From: Harry Halpin <hhalpin@ibiblio.org>
Date: Sat, 25 Sep 2004 16:32:37 -0400 (EDT)
To: www-tag@w3.org
Message-ID: <Pine.LNX.4.44.0409251533550.20584-100000@tribal.metalab.unc.edu>
Len et al.,
	First, let me preface this by saying that the change from
"information resource" to "Web resource" (i.e. Web accessible) is
grand and I support it. But for those with interest in what 
we mean when we say "information", keep reading, although be forewarned 
it's a bit long. "Information" is not a meaningless word, and can
have tests if you have sufficiently clear conditions. 

	So, one test of information space is that it actually conveys
*something* to someone. If the Web was a bunch of machines randomly
sending bits around with no reference to anything, then it would *not*
be an information space. Because the Web, both in RDF  statements and 
plain old web-pages, conveys lots of information about things to people 
(and machines, depending on your take on them), it is an information 
space. However, that is so obvious it may not need to said in TAG :) I 
explain below for those truly interested.	
	While the term "information" per se does not have a universal
definition, there are definitely "theories of information" that have 
tests. For example, the famous Shannon communication theory that points
our that something carries no information (fully entropic as you put it)
does not allow you to discriminate from among possibilites. Thus, if
8 employees of the W3C were to put their name in a hat to pick a new 
editor for TAG (call this situation s, for sender) and draw one have Norm 
deliver it to TimBL at his office on a piece of paper (situation r, for 
receiver), this would convey 3 bits of information about situation s to 
situation r, since it reduces 8 possibilites to 1  (log_2(8)=3).
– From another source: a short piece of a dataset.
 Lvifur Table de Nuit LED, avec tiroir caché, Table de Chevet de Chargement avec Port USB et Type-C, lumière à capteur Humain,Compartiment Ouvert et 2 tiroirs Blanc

However, 
if Norm lost the name, and then wrote DanBri on it off the top of his 
head, this would contain 0 bits of information about situation s to 
situation r, since *nothing* about the state of affairs at situation s 
is conveyed. So, as regards communicating from s to r (not any other
points, such as Norm's imagination!), the note fails the test of having
any quantitative information about s.
   However, you may notice this theory of information tells you *nothing*
about whether Norm, DanBri, DanC, or DaveRaggett were actually on the
note. Any one of their names successfully communicated from s to r has
the same 3 bits of information. If you want to know *which* one (the 
content of the note) you need not a theory of information communication, 
but a semantic (as in philosophy, not semantic web) theory of information, of
which there have been several versions, and here I follow the version of
Fred Dretske in his book "Knowledge and the Flow of Information". Read
it for a much better explanation and justification.  
	The note contains information if it passes this test: 
(given you have a something (call it F) that you want to convey is)
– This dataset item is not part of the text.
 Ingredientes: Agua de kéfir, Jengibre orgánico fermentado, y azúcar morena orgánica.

A signal r caries information that s is F if the conditional probability 
of s being F, given r and k (k representing the internal knowlege of the 
recipeint r about s), is 1 (but given k alone), is less than 1.
	Sounds complicated and perhaps foolish, but it's rather simple in 
practice. The note Norm has (with DanBri's name on it from r) delivers to 
TimBL the conditional probability that the employee selected at r was 
DanBri with a probability of 1. It conveys the note is *about* DanBri, not DanC 
or anyone else. So, if Norm had written another name after losing the 
first note, even if that name was DanBri, it would convey *no* information
about s to r since while DanBri's name is written, that name on the newly 
forged note is not actually from s. This avoids a problem that Shannon has 
- you know that if I tell you I live on Forest Rd. in Edinburgh, Scotland  
I convey *more* information than if I just tell you I live in Edinburgh, 
Scotland. It's impossible to quantify how many more bits the first 
statement conveys than the second statement, but the first statement clearly conveys
more information. It conveys more information because it conveys both
propositions F' (living on Forst Rd) and F''(living in Edinburgh Scotland)
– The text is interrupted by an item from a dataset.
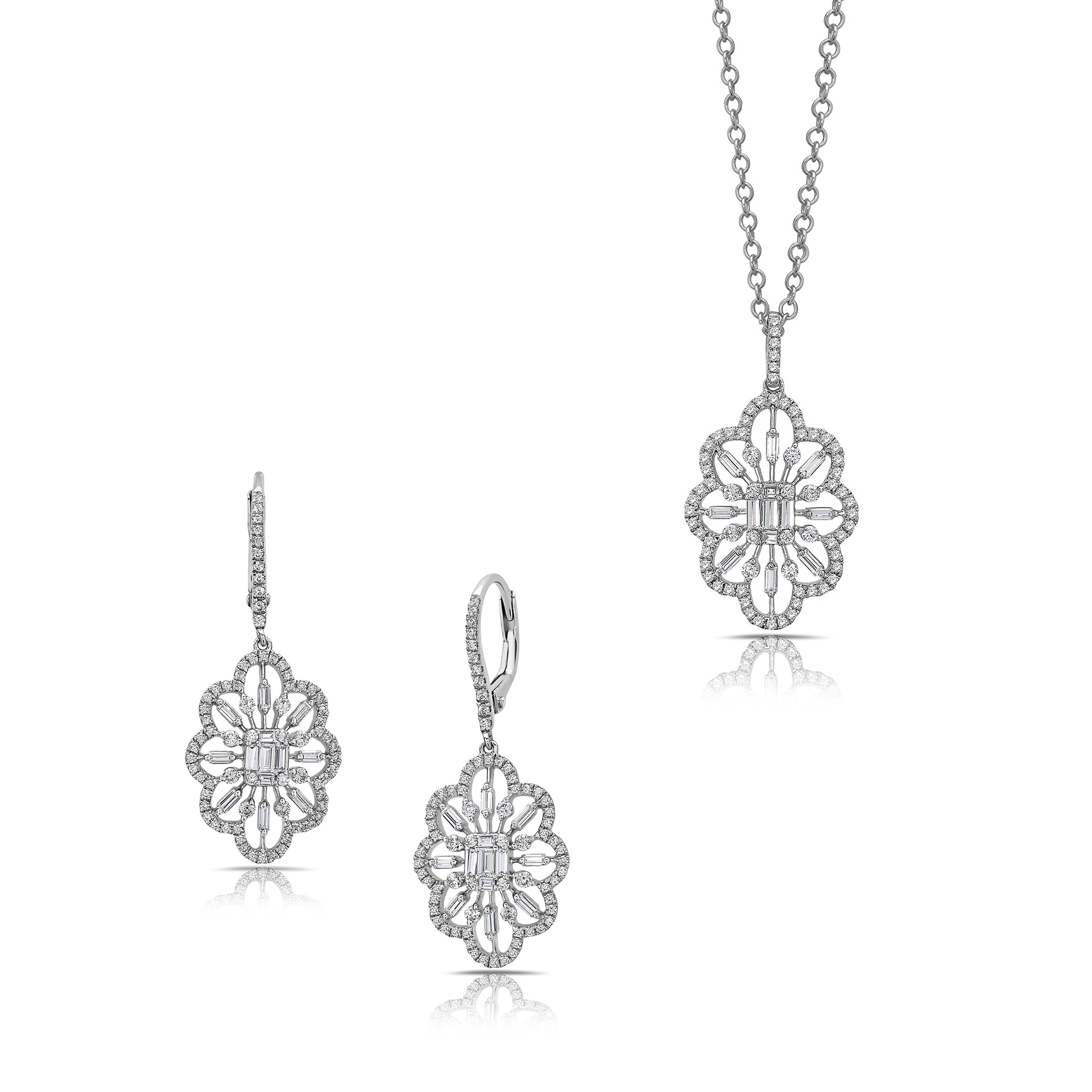 • 14k gold diamond baguette spray set

with a probability of 1 - allowing no other alternatives. 
	However, you'll note this definition of information is
highly dependent on thing such as there being a clear situation s and r,
as well as statements F and probability k (and some notion of information 
being true and corpuscular). These things are all very tricky in the real 
world, and perhaps even more so in the Web world. But the relevance is 
that a web-page about the Eiffel Tower that gives me a few paragraphs
*about* the Eiffel tower has more information for me than one that just 
lists the Eiffel Tower in a list.  So, a resource as denoted 
by a URI string, via the oft-cited principle of URI opacity, 
should convey no information about the represenations retrieved by the 
resource, while something that has a representation does convey usually 
information. In fact, if it doesn't (such as a string of random bits) then 
it probably isn't a representation in the common (not TAG!) usage of the 
word. I think, while the word "information" is up in the air a bit, it can 
be used sensibly. I'm not sure if "information resource" really is a 
better word than "Web resource", and I find "Web resource" more clear. If 
any information resource wasn't accessible via the Web, it couldn't convey 
information over the Web, and so shouldn't probably be part of the TAG. 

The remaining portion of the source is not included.